Хозяйственные традиции – важнейший элемент культуры любого этноса. Разрушение хозяйственной культуры влечет за собой ликвидацию промыслов, сужает функции языка, вызывает упадок обычаев, обрядов и всех других элементов материальной и духовной культуры народа. Подобная негативная картина наблюдается в разной степени у всех народов России. Не исключением является и упадок культуры калмыков, чей опыт ведения хозяйства в условиях аридной зоны неправомерно предан забвению. Нередко исключается и сама мысль о возможности использования этого опыта кочевников в условиях состоявшегося необратимого перехода их к оседлым формам хозяйствования. Между тем анализ материалов показывает, что учет традиционного опыта может не только способствовать возрождению и развитию калмыцкой культуры, но и иметь положительный народнохозяйственный эффект и природоохранное значение.

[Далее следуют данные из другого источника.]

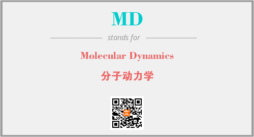 英文缩略词“MD”经常作为“Molecular Dynamics”的英文缩写来使用,中文表示:“分子动力学”。本文将详细介绍英文缩写词MD所代表英文单词,其对应的中文拼音、详细解释以及在英语中的流行度。此外,还有关于缩略词MD的分类、应用领域及相关应用示例等。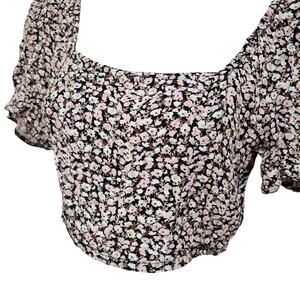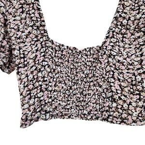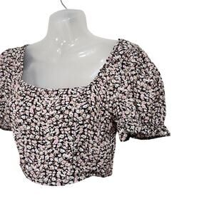 Urban Outfitters Pink White Micro Floral Patterned Puff Sleeve Top Size Small
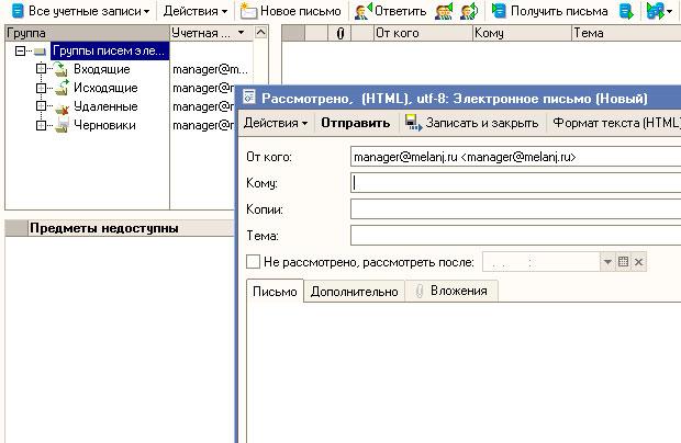 Встроенный почтовый клиент - позволяет принимать заявки на запись по электронной почте. При отсутствии необходимости он может быть отключен.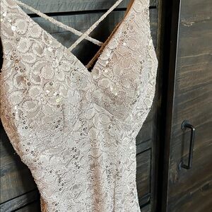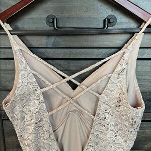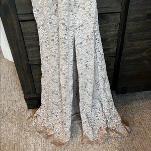 Step into elegance with this stunning lace evening gown. Perfect for any formal occasion, this dress features a beautiful cream color that exudes sophistication. The intricate lace design adds a touch of luxury, making it a must-have for your wardrobe.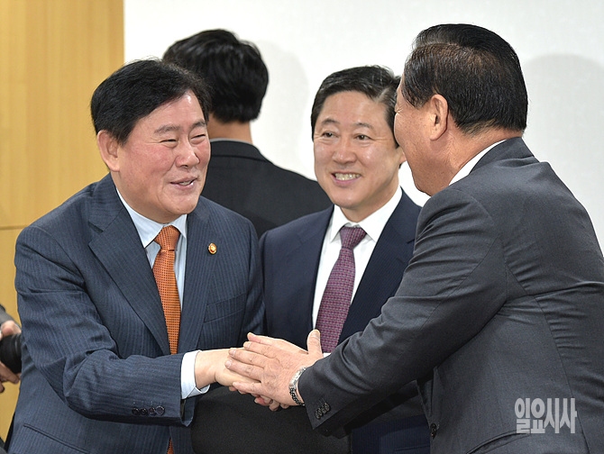 19일, 최경환 부총리 겸 기획재정부장관(사진 왼쪽)이 서울 여의도 국회 의원회관에서 친박 국가경쟁력강화포럼 주최로 '최경환 기획재정부 장관 겸 부총리 초청 강연회'가 열린 가운데 강연회 직전, 서청원 의원과 최 부총리가 악수를 나누고 있다.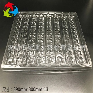 本款产品是依据客户提供的实物和相关要求而设计定制的一款吸塑产品,采用环保PET透明材质,在保证对环境无公害的同时也能便于客户在购买时的挑选。电子配件吸塑托盘在材质、尺寸、颜色等方面都可以依据客户要求而设计定制。电子配件吸塑托盘能够装多个实物,便于节省空间、节约成本,是大多数工厂的绝佳选择。

Для сравнения с днем сегодняшним нами взят период конца XIX – начала XX в., ибо состоявшиеся две мировые войны, Гражданская война в России, административнокомандная экономика в советские годы обусловили развитие калмыцкого хозяйства в нежелательном направлении. В последние 15–20 лет прошлого века животноводческое хозяйство Калмыкии было разрушено почти полностью, и сегодня продолжается опустынивание земель, а в районах орошаемого зем- леделия происходит подъем соленых грунтовых вод.

Исходя из этого безусловно важным является вопрос о водных ресурсах дореволюционной Калмыкии, имеющий к экономике региона и жизнеобеспечению населения прямое отношение.

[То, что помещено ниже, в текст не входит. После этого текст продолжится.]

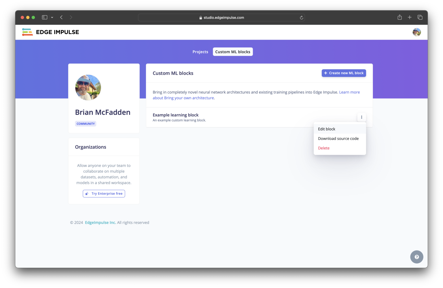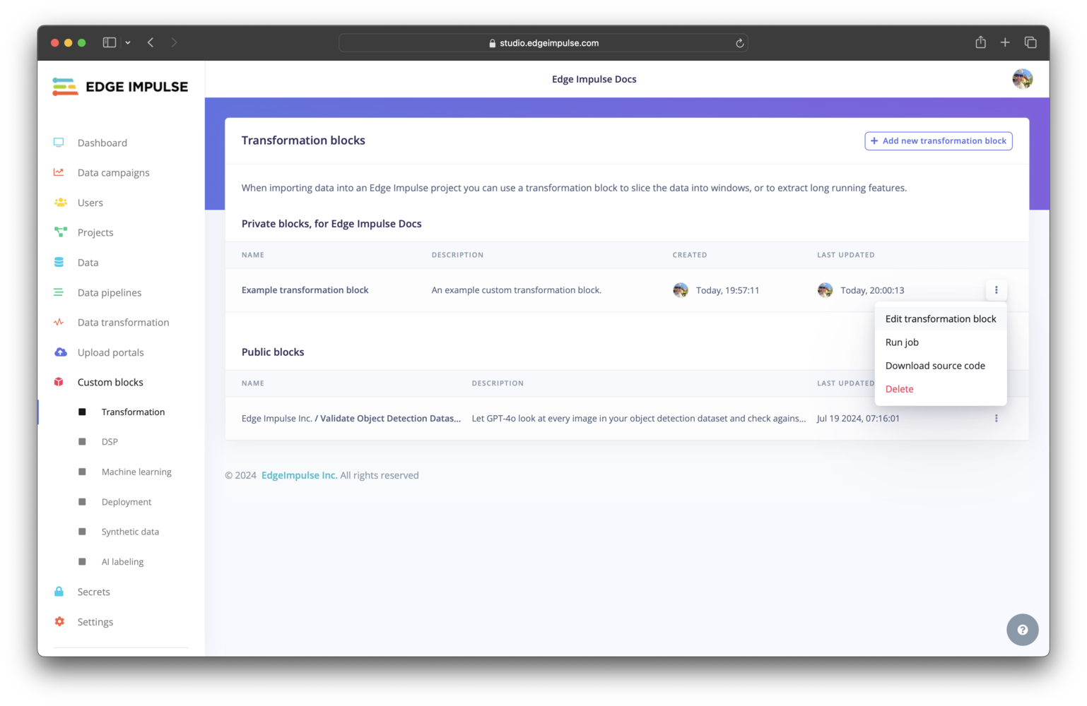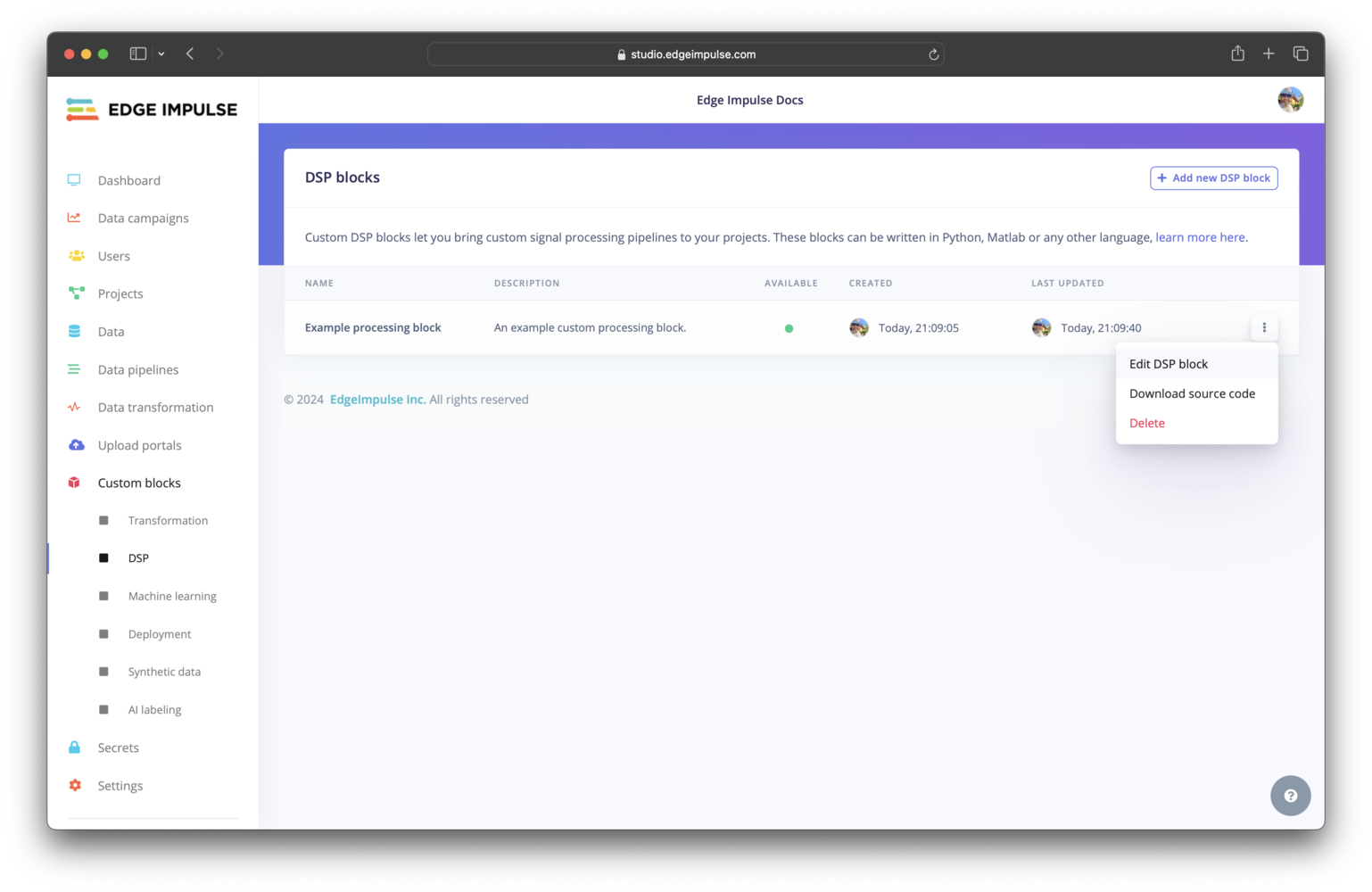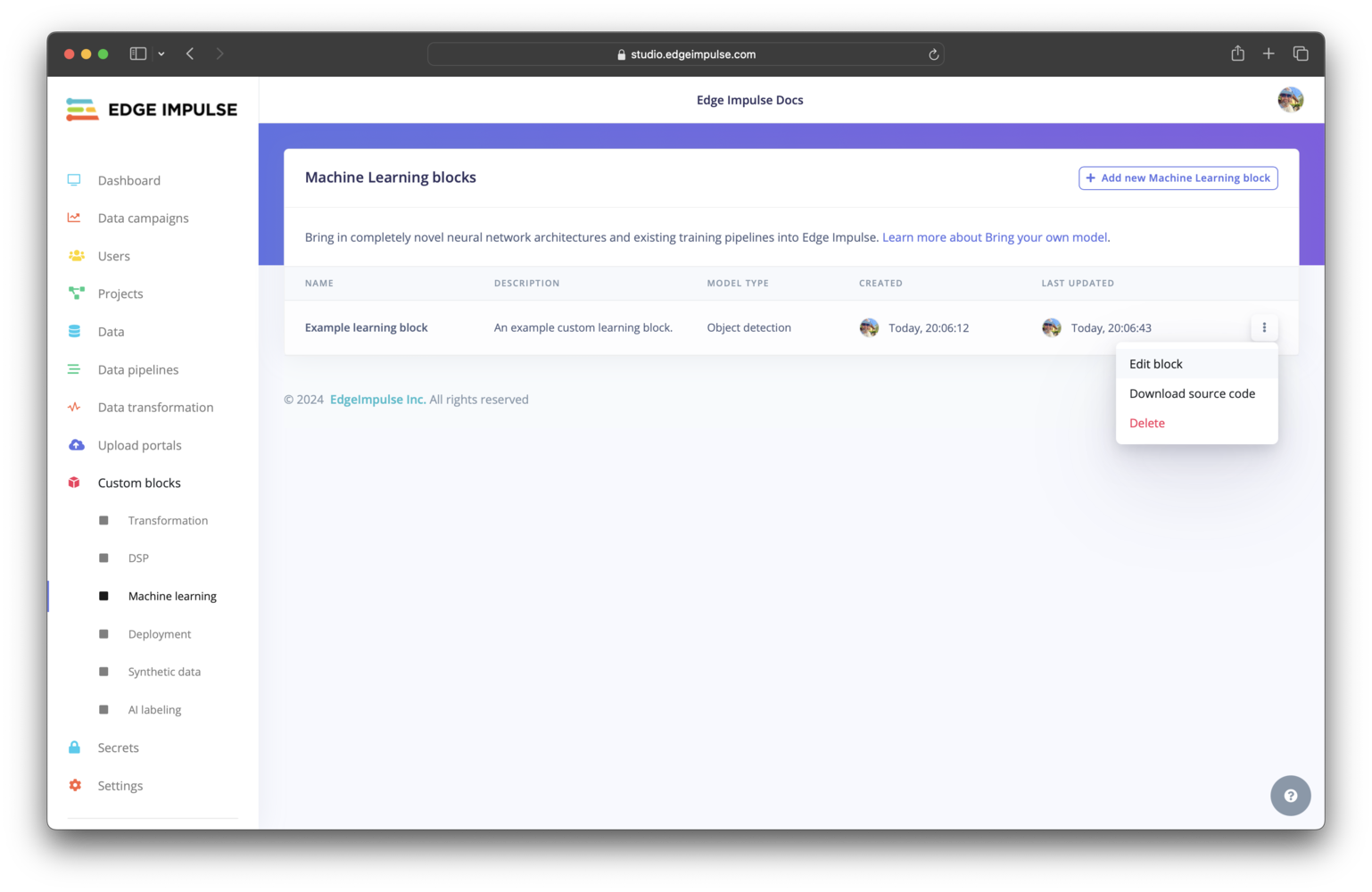 After successfully pushing your custom block to Edge Impulse you can edit it from within Studio.- AI labeling

Комплексное обследование Калмыцкой степи Астраханской губернии 1909 г. отметило наличие 45,6 тыс. десятин, занятых водой. [3, с. 920]. Это цепь заполняемых вешними водами Сарпинских и Состинских озер в северных и центральных районах Калмыкии, в Прикаспийских районах – заливаемые участки дельты Волги и повсеместно – водоемы с талой водой. Эти водоемы использовались в качестве водопоев для животных, заливаемые весной низменные места являлись сенокосами. Можно предполагать, что в условиях нехватки воды частично данные водоемы использовались для бытовых нужд.

В связи с этим важно определить масштабы питьевой воды в Калмыкии, которые были крайне ограниченны. Колодцы с пресной водой преимущественно находились в пределах Ергенинских холмов. Часто применялась для хозяйственно-бытовых нужд, в том числе для приготовления пищи, соленая вода. Изредка в восточной и юго-восточной частях Калмыкии имелись неглубокие (1,5 м) колодцы с ограниченным запасом пресной воды. Чаще из-за ее отсутствия в этих районах приходилось рыть глубокие (от 3 до 20 м)

колодцы и пользоваться соленой, нередко горько-соленой водой.

Эти колодцы находились не только в общинном, но и в частном пользовании. Поскольку глубокий колодец со срубом обходился владельцу в 100–211 руб., владение им «составляло известную славу и гордость калмыка». Иногда богатые скотоводы прибегали к сооружению артезианских колодцев, когда требовались значительные объемы воды. Так, артезиан скотопромышленника Г. Даланова в Эркетеневском улусе глубиной 205 м содержал большие запасы горько-соленой воды, которая шла на все нужды хозяйства. Всего же колодцев в калмыцких улусах, по приблизительным данным, насчитывалось около 5 тыс., причем многими из них пользовались лишь в определенные сезоны. Поэтому в дореволюционной статистике их подразделяли на зимние, летние и постоянные. Таким образом, сегодня можно оправдывать подачу в разумных пределах пресной воды в Калмыкию извне как вынужденное средство.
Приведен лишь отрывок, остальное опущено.